Quest’anno Barella sta provando queste soluzioni molto più spesso rispetto alla scorsa stagione: tira di più (1,5 volte ogni 90 minuti; l’anno scorso arrivava a 1 tiro in media), e soprattutto da fuori area (1,2 per 90 minuti), ma allo stesso tempo ha anche raddoppiato il numero di tiri fuori dallo specchio (passati da 0,4 a 0,8 per 90 minuti). L’ostinazione con cui cerca il gol si scontra non solo con la sfortuna di essere uno dei giocatori ad aver preso più pali in Serie A (3), ma anche con una realtà che lo vede ad una sola rete stagionale (una punizione deviata contro l’Atalanta). L’anno scorso Barella ha chiuso il campionato con 6 reti segnate.

Uno dei pali più clamorosi presi da Barella quest’anno, con un tiro al volo dalla trequarti dopo essersi alzato il pallone con il petto.

Quale futuro

Al di là delle voci di mercato, sarebbe veder giocare Barella in una squadra che non si aggrappi così disperatamente al suo talento. Un'idea possiamo in questo senso possiamo già farcela nelle sue partite con la Nazionale di Mancini, una squadra basata sul possesso che, almeno nelle intenzioni, cerca di risalire il campo con passaggi corti e in cui il margine di errore è per forza di cose ridotto al minimo.
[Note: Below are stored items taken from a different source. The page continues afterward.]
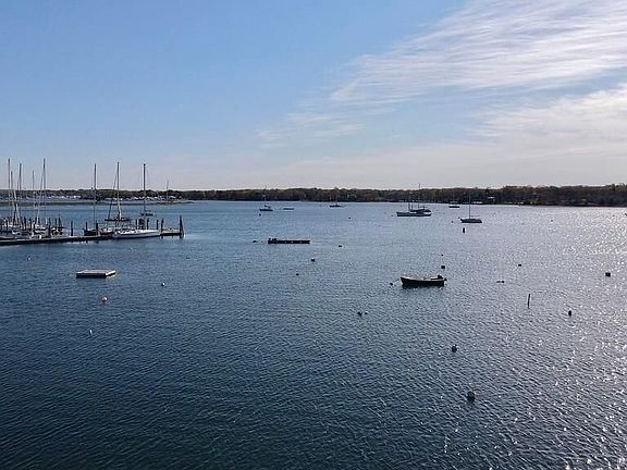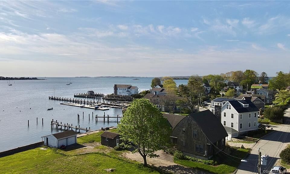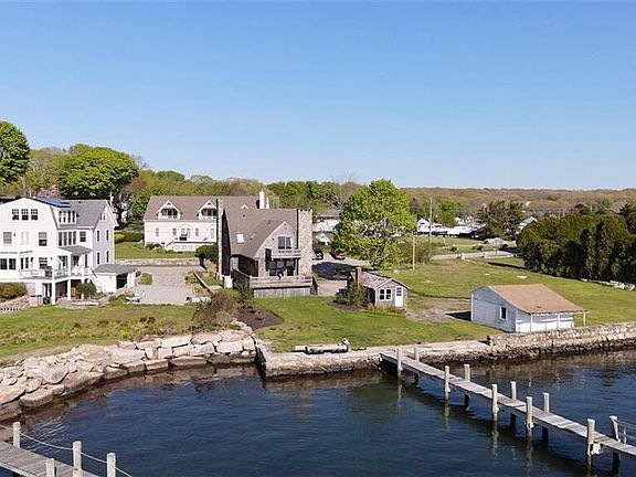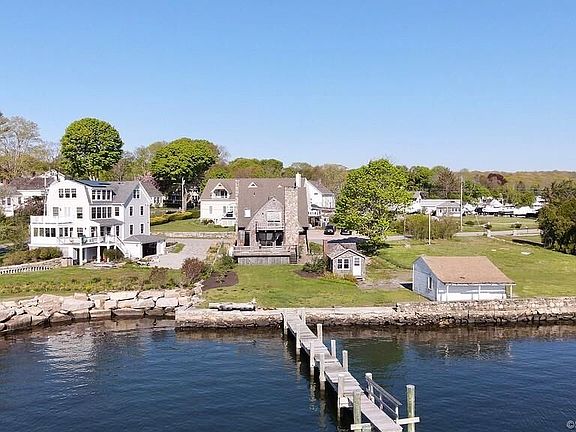 Spectacular waterfront location at the mouth of The Mystic River with views out to Fishers Island , Watch Hill and beyond....a three state view...with a fascinating variety of boats coming up the river directly in front of this house Spacious shingled Bow House with boat shed and 50 foot private dock nestled in the heart of Noank Village. Living room/dining room and family room each with fireplace . Central kitchen . First floor bedroom and full bath. Second floor has three bedrooms and two full baths. All wood floors . Large deck overlooking the water with steps down into the yard. Boat shed. Full basement. No interior pictures at this time as the house is still being cleared out.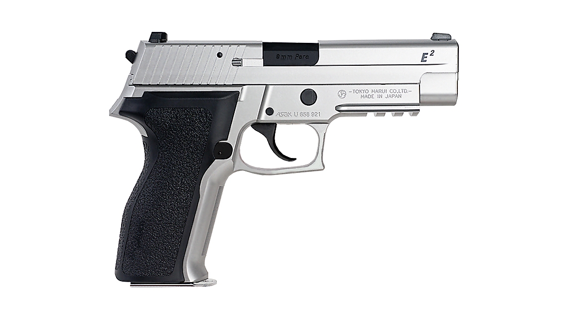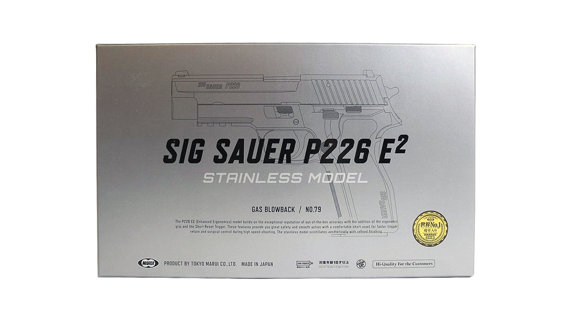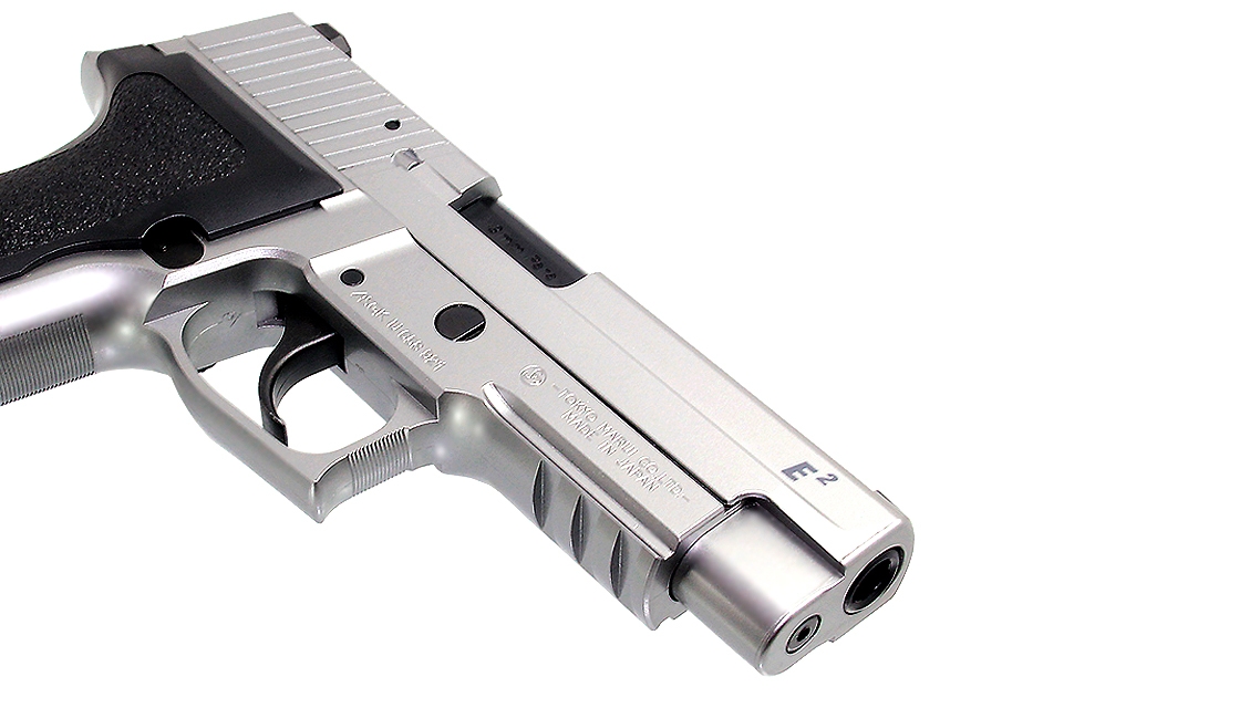 In Tokyo Marui, following “P226 rail” equipped with rails and its improved model “P226E2”, “P226E2 stainless steel model” adopted stainless steel silver color for slide and frame appeared in the lineup.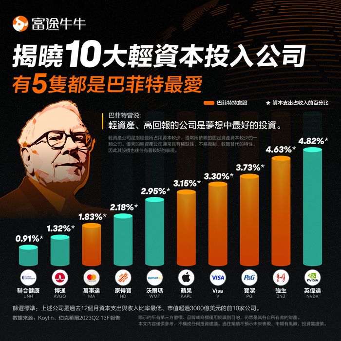 一图揭晓10大轻资本投入公司!有5只都是巴菲特最爱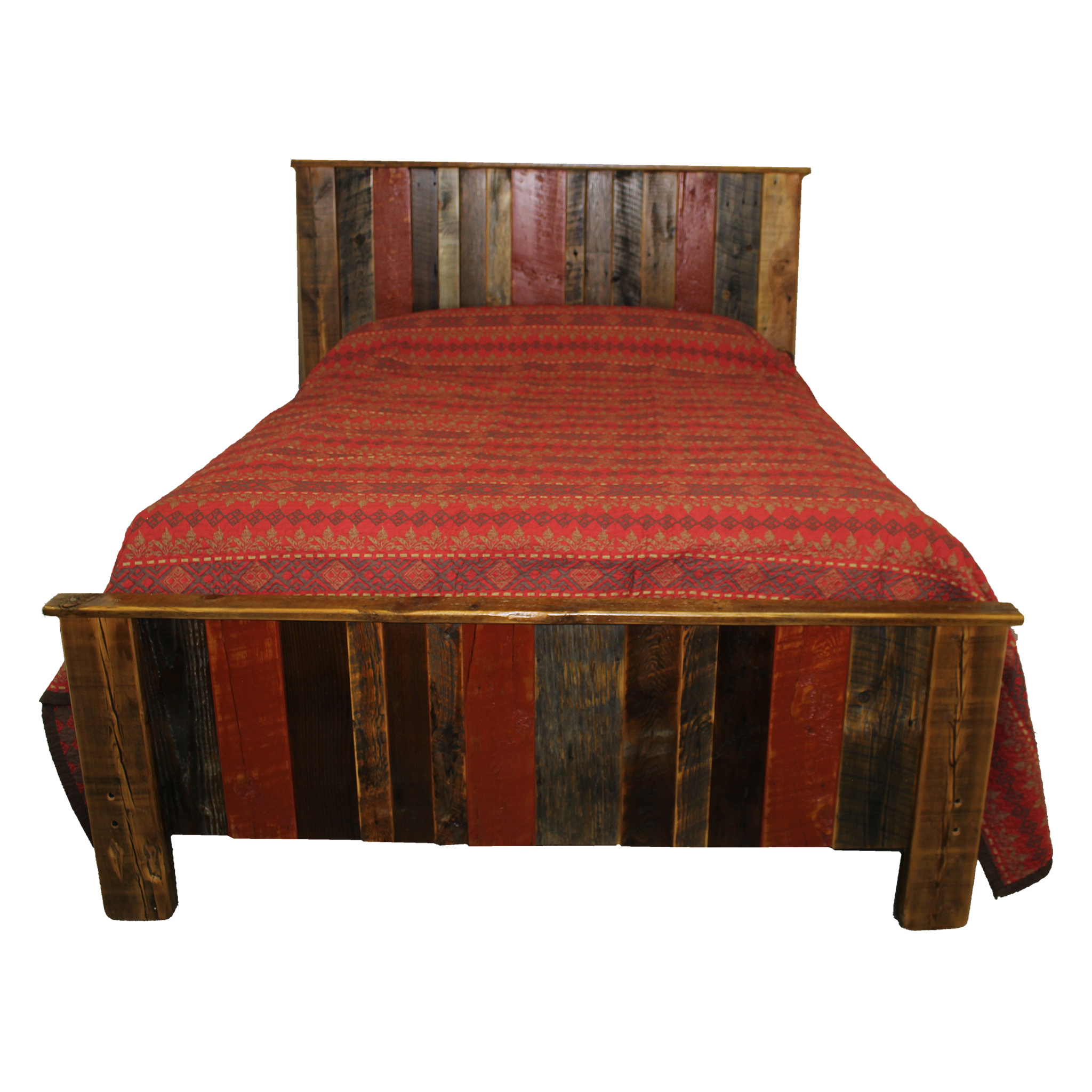 Rustic Americana enthusiasts, look no further than the Arizona-Rustic Barnwood Plank Bed. Designed and manufactured by a dedicated team of expert furniture builders in Bozeman, Montana, this bed features vertical plank barnwood in varying shades for a truly dynamic aesthetic. Crafted entirely out of reclaimed barnwood salvaged from America’s farms and ranches, the varying shades of the wood planks are due in large part to the different environments from where the wood originated. In fact, we do our best to preserve the natural beauty of our source wood in every Arizona-Rustic Barnwood Plank Bed that we construct. The natural shading and patterns of the wood grain ensure that no two reclaimed wood beds are ever exactly alike. Shown in our Arizona Collection.
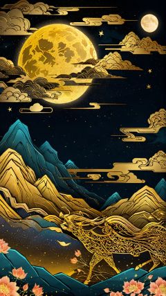 (Chinese gilt illustration style) complex details,  clouds,  sky,  mountains,  flowers,  moon,  night,  lights, <lora:EMS-37277-EMS:0.800000>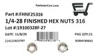 (25) 1/4-28 Finished Hex Nuts 316 Stainless Steel Fine Thread Unf Marine Grade
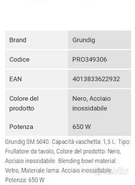 Frullatore Grundig SM5040 a bicchiere, in acciaio inossidabile, colore nero, in confezione originale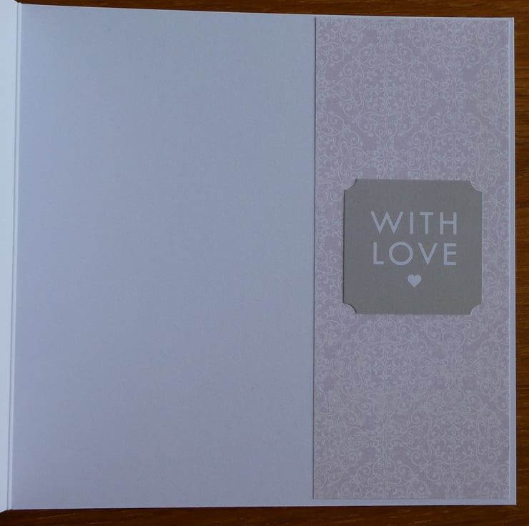 Inside the card is a strip of matching soft pink and white patterned paper with a square message with the words With Love. Plenty of space has been left for your own birthday message.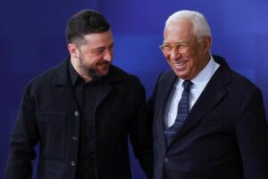El presidente ucraniano Volodímir Zelenski y el presidente del Consejo Europeo António Costa llegan a la Cumbre de Líderes de la UE en Bruselas, Bélgica. 23 de octubre de 2025. REUTERS/Yves Herman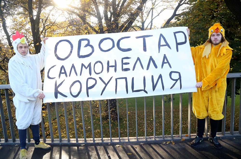 Двое мужчин с плакатом "Oвостар, сальмонелла, коррупция", нарядившись курицами, митинговали на Вантовом мосту возле Рижского замка, где проходила встреча Владимира Зеленского с президентом Латвии Эгилсом Левитсом. Вскоре оба мужчины по просьбе службы безопасности покинули мост.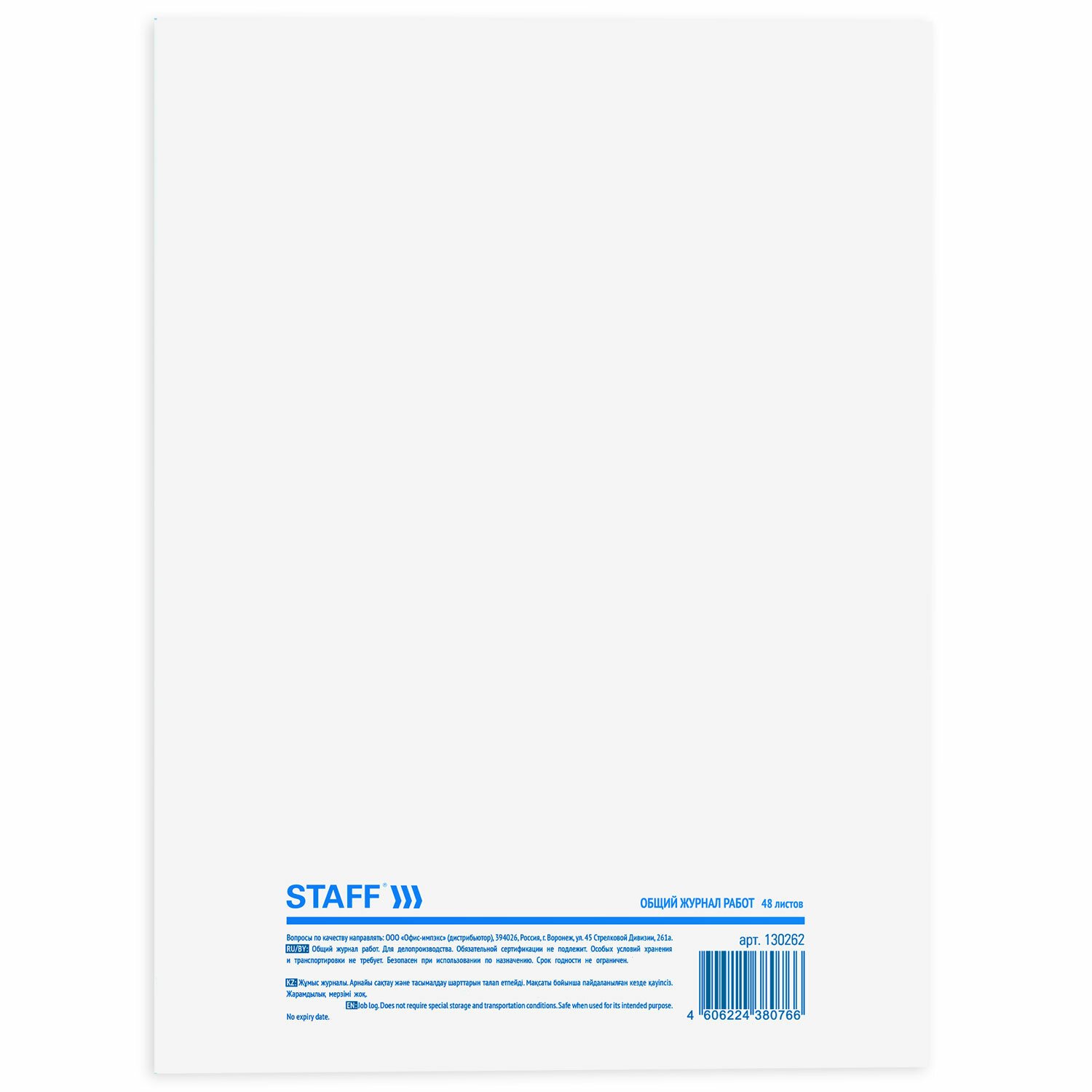 Журнал работ общий, 48 л., картон, офсет, А4 (200х292 мм), STAFF, 130262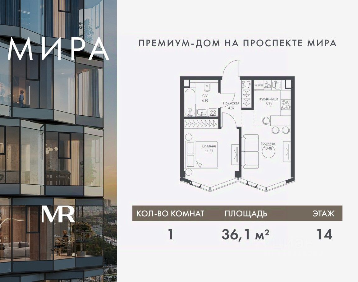 Продаётся 1-комнатная квартира общей площадью 36.08 м² без отделки в доме премиум-класса МИРА на 14-м этаже 24 этажного дома. Квартира расположена в корпусе 3.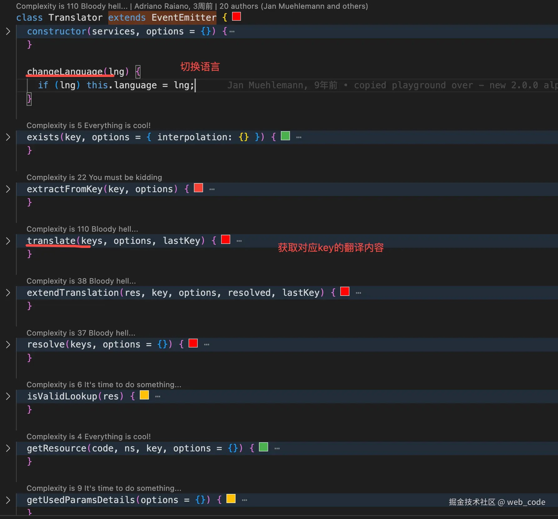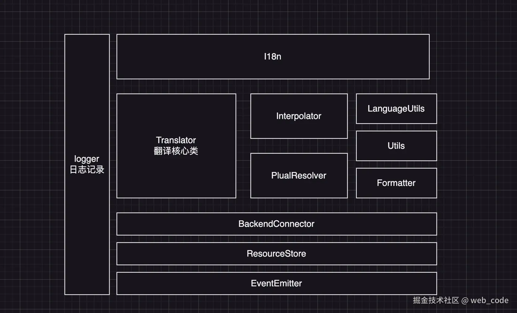 - EventEmitter.js:内部就是一个常规的观察者模式,内部维护了on, off, emit钩子函数; 其他I18n,Translator, ResourceStore, Connector类都是继承了EventEmitter类;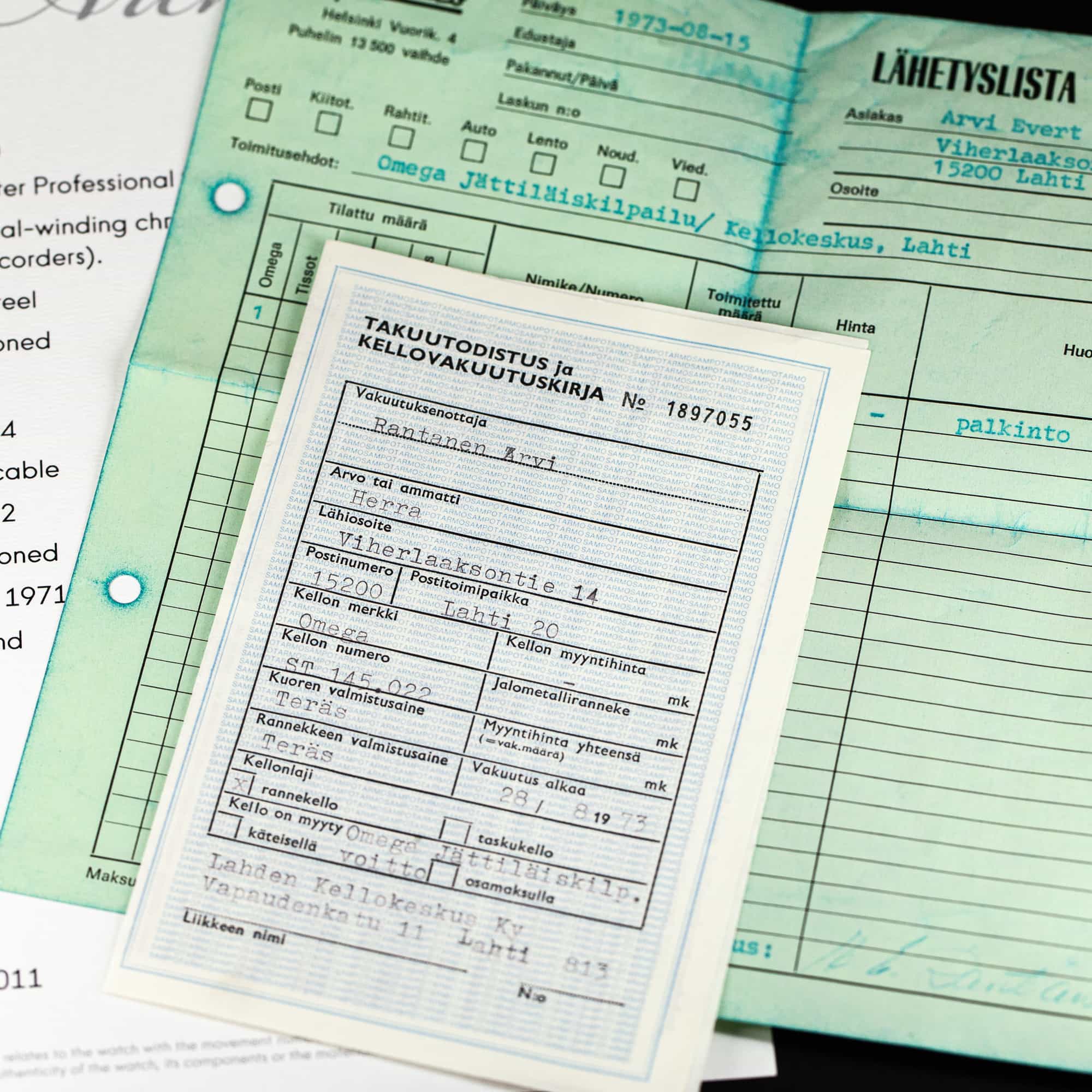 Tämä kello on Omegan vuonna 1973 järjestämästä maailmanlaajuisesta kilpailusta saatu palkinto. Kellon mukana tulee alkuperäiset Lahden kellokeskuksen takuupaperit ja kuitit, joissa on maininta tuosta kilpailusta. Mukana tulee myös Omega museon Extract from Archives-dokumentti joka vahvistaa, että kello on valmistettu 1971. Mukana tulee myös Uusi Suomi-lehden alkuperäinen artikkeli joka kertoo tuosta kilpailusta.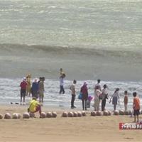 【现场声】工作人员:“各位游客,受台风影响,请大家不要下去游泳,撤离到沙滩游玩。”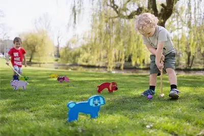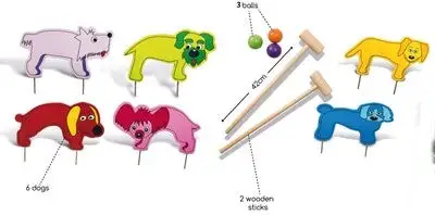 Morsomt spill fra BS Toys med søte, fargerike hundemotiv. Det har deler i bjørk og MDF og køller i gummi og tremateriale. Perfekt til sommerens utendørsleker. – CE-merket– Ikke egnet for barn under 3 år– Anbefalt alder: Fra 3 til 12 år

Da quando ha esordito - lo scorso ottobre contro l’Ucraina, in amichevole - Barella è stato schierato da titolare in tutte e tre le partite successive, di cui due valide per la Nations League (contro Polonia e Portogallo).

Per adesso con la maglia azzurra abbiamo visto un giocatore più essenziale, ma forse meno spettacolare, impegnato soprattutto a consolidare il possesso con passaggi corti invece di portare il pallone in verticale come un rugbista, o tentare filtranti lunghi direttamente dal centrocampo. Abbiamo visto meno progressioni impetuose e anche meno tiri ambiziosi, nonostante anche Roberto Mancini gli abbia chiesto «qualche gol in più».

Insomma, abbiamo visto una versione ridotta di Barella: più pulita e prudente, ma anche meno dirompente ed esplosiva. Invece di una bottiglia di champagne appena stappata, abbiamo visto lo champagne versato in un calice, senza nemmeno una goccia fuori.

Oggi Barella si trova davanti una sfida difficile, che riguarda ovviamente anche Maran e Mancini, cioè quella di trovare un modo per superare i suoi limiti, ma senza dover sacrificare per forza le sue peculiarità. Un giocatore con la qualità e la coordinazione di Barella in spazi stretti non può che essere un patrimonio, come si dice, al di là dell’architettura tattica in cui è inserito, e in questo senso la voglia di vederlo in una grande squadra va oltre il semplice gossip di mercato. Alla fine, se è vero che gli allenatori diventano grandi grazie ai propri giocatori e ai loro talenti eccezionali, è vero anche e soprattutto il contrario.